-- Given information follows --
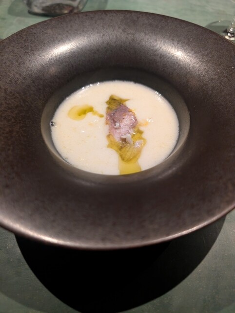 鯵と蕪のポタージュ>オリーブオイルに唐辛子が加えられているか、スパイシーながら食欲をそそる一品
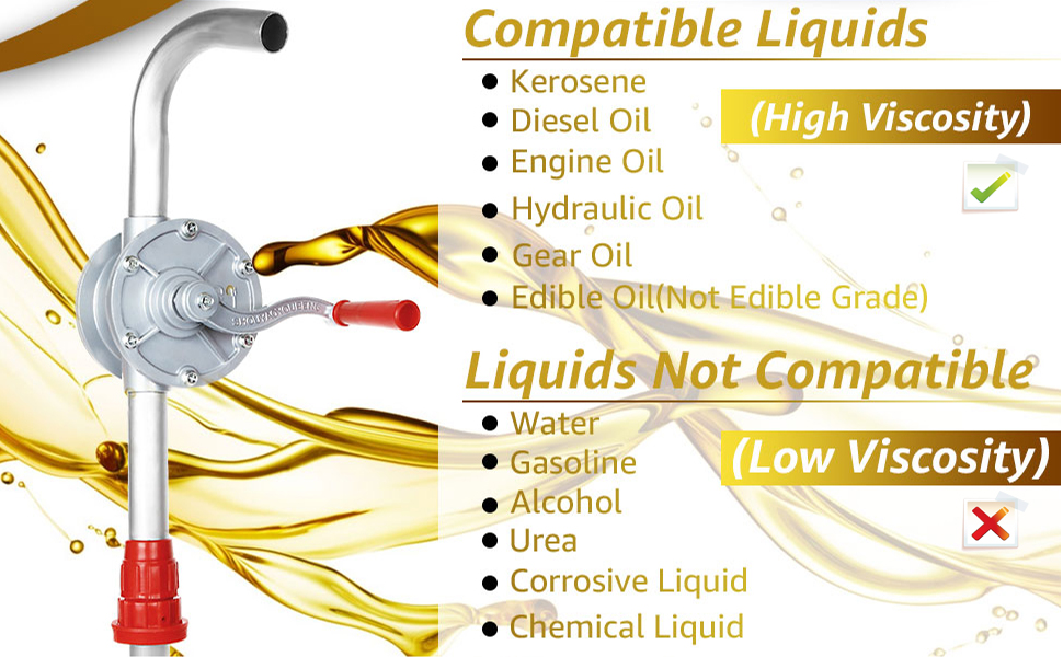 Scope Application: This rotary barrel pump is suitable for pumping kerosene, engine oil, hydraulic oil, diesel, and hydraulic fluid lubricating oil. NOT used for water, gasoline, urea, acid-base liquid, corrosive liquid, chemical liquid, edible liquid, and corrosive liquids.
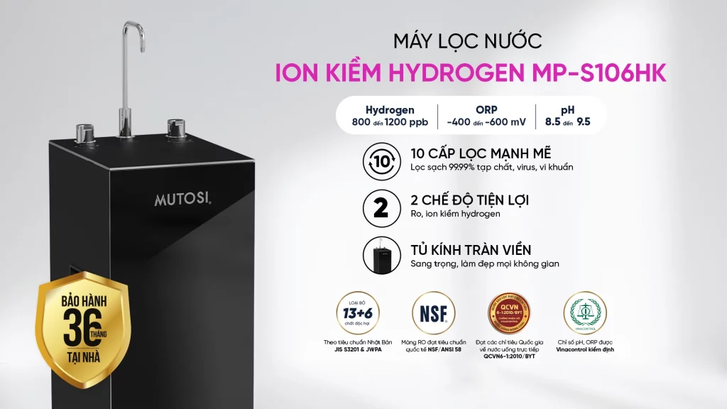 Máy lọc nước ion kiềm hydrogen Mutosi MP-S106HK – Lọc sạch chuẩn, nâng tầm sức khỏe mỗi ngày
-- Given information concluded --
Work instruction: Nothing but the lines from the one that holds "Scope Application: This" through the end of the data should appear, written out exactly, without pictures.

Answer to the problem:
 Scope Application: This rotary barrel pump is suitable for pumping kerosene, engine oil, hydraulic oil, diesel, and hydraulic fluid lubricating oil. NOT used for water, gasoline, urea, acid-base liquid, corrosive liquid, chemical liquid, edible liquid, and corrosive liquids.
 Máy lọc nước ion kiềm hydrogen Mutosi MP-S106HK – Lọc sạch chuẩn, nâng tầm sức khỏe mỗi ngày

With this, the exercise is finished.